I'm not suggesting you need to read the "Attention Is All You Need" paper and implement a transformer from scratch (though I did work through that in my [PyTorch 101](https://blog.htunnthuthu.com/ai-and-machine-learning/artificial-intelligence/pytorch-101) series). What I am suggesting is that understanding a few core concepts — tokenization, context windows, attention, and sampling — transforms you from someone who uses LLMs to someone who can debug and optimize LLM-powered systems.

This article covers exactly what I needed to know to build AI systems that work reliably.

***

## Tokenization — The Foundation of Everything

The single biggest source of bugs in my early AI code was not understanding tokenization.

LLMs don't see text. They see tokens — integer IDs that represent pieces of words. When you send `"Hello, world!"` to an API, the model sees something like `[15339, 11, 1917, 0]`. Every operation the model performs — attention, generation, context tracking — happens at the token level.

### Why This Matters for Your Code

```python
import tiktoken

# GPT-4o uses the o200k_base tokenizer
enc = tiktoken.get_encoding("o200k_base")

# Simple words: often 1 token each
tokens = enc.encode("Hello world")
print(f"'Hello world' = {len(tokens)} tokens")  # 2 tokens

# Technical terms: often split into sub-words
tokens = enc.encode("Kubernetes")
print(f"'Kubernetes' = {len(tokens)} tokens")  # 1-2 tokens

# Code: tokens are expensive
code = """
def calculate_embeddings(texts: list[str]) -> list[list[float]]:
    return model.encode(texts, normalize_embeddings=True).tolist()
"""
tokens = enc.encode(code)
print(f"Code snippet = {len(tokens)} tokens")  # ~30 tokens

# JSON is token-heavy
import json
data = {"name": "AI Engineer", "skills": ["Python", "LLMs", "RAG"]}
json_str = json.dumps(data, indent=2)
tokens = enc.encode(json_str)
print(f"JSON = {len(tokens)} tokens")  # ~30 tokens
```

Things I learned the hard way about tokens:

1. **Whitespace and formatting cost tokens.** Pretty-printed JSON with indentation uses significantly more tokens than compact JSON. When I'm stuffing context into a prompt, I use `json.dumps(data, separators=(",", ":"))` instead of `indent=2`.
2. **Different models use different tokenizers.** A prompt that fits in GPT-4o's context window might not fit in Claude's because they tokenize differently. Always count tokens with the right tokenizer.
3. **Non-English text is more token-expensive.** If your system handles multiple languages, budget more tokens for non-English content.

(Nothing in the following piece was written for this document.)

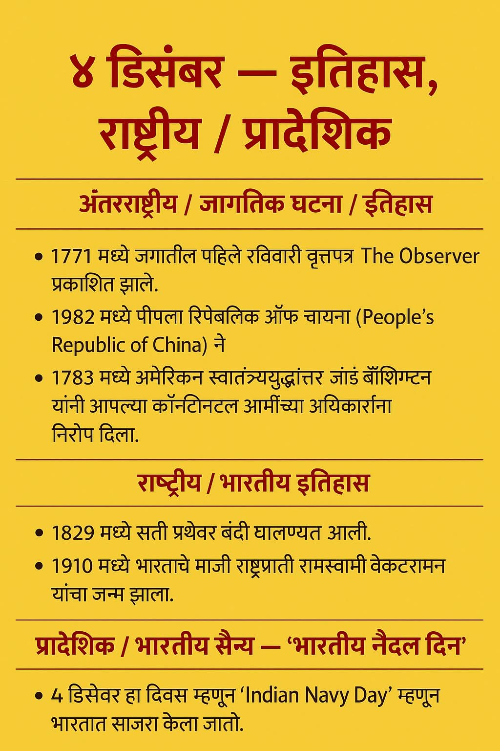 आजच्या दिवशी — १७७१ मध्ये “The Observer” हे जगातील पहिले रविवार वृत्तपत्र प्रकाशित; १८२९ मध्ये सती प्रथेवर बंदी; १९८२ मध्ये चीनने स्वातंत्र्यपूर्वक आपले संविधान स्वीकारले; आणि भारतात हा दिवस “Indian Navy Day” म्हणून साजरा.

### Token Counting in Practice

I wrote a utility function I use in every AI project:

```python
# src/ai_engineer/llm/tokens.py
import tiktoken


def count_tokens(text: str, model: str = "gpt-4o") -> int:
    """Count tokens for a given text and model."""
    encoding_name = _get_encoding_for_model(model)
    enc = tiktoken.get_encoding(encoding_name)
    return len(enc.encode(text))


def truncate_to_tokens(text: str, max_tokens: int, model: str = "gpt-4o") -> str:
    """Truncate text to fit within a token limit."""
    encoding_name = _get_encoding_for_model(model)
    enc = tiktoken.get_encoding(encoding_name)
    tokens = enc.encode(text)
    if len(tokens) <= max_tokens:
        return text
    return enc.decode(tokens[:max_tokens])


def _get_encoding_for_model(model: str) -> str:
    """Map model names to tiktoken encoding names."""
    if "gpt-4o" in model or "gpt-4" in model:
        return "o200k_base"
    if "gpt-3.5" in model:
        return "cl100k_base"
    # Default to o200k_base for unknown models
    return "o200k_base"
```

I use `count_tokens()` before every LLM call to make sure I'm not exceeding the context window. It's saved me from silent truncation more times than I can count.

***

## Context Windows — Bigger Isn't Always Better

A context window is the maximum number of tokens a model can process in a single request — both input and output combined. GPT-4o supports 128k tokens. Claude supports 200k. That sounds like a lot, but I've learned to be conservative.

### The Context Window Math

```
Context Window = Input Tokens + Output Tokens

Example with GPT-4o (128k context):
- System prompt: ~500 tokens
- Retrieved context (RAG): ~3,000 tokens
- User question: ~50 tokens
- Reserved for response: ~1,000 tokens
- Total: 4,550 tokens used out of 128,000

That leaves 123,450 tokens unused — and that's fine.
```

### Why I Don't Fill the Context Window

When I first built my RAG system, I thought "more context = better answers" and stuffed as many retrieved chunks as possible into the prompt. The results got worse:

1. **Attention degrades with length.** Models are better at using information at the beginning and end of the context than in the middle. This is called the "lost in the middle" problem. I found that 5 highly relevant chunks outperformed 20 mixed-quality chunks.
2. **Cost scales linearly with tokens.** At $2.50 per million input tokens (GPT-4o), including 50k tokens of context per request adds up fast. In my RAG service, keeping retrieval to 3k tokens per request cut costs by 90% compared to my naive first implementation.
3. **Latency increases.** More input tokens means slower time-to-first-token. For an interactive API, this matters.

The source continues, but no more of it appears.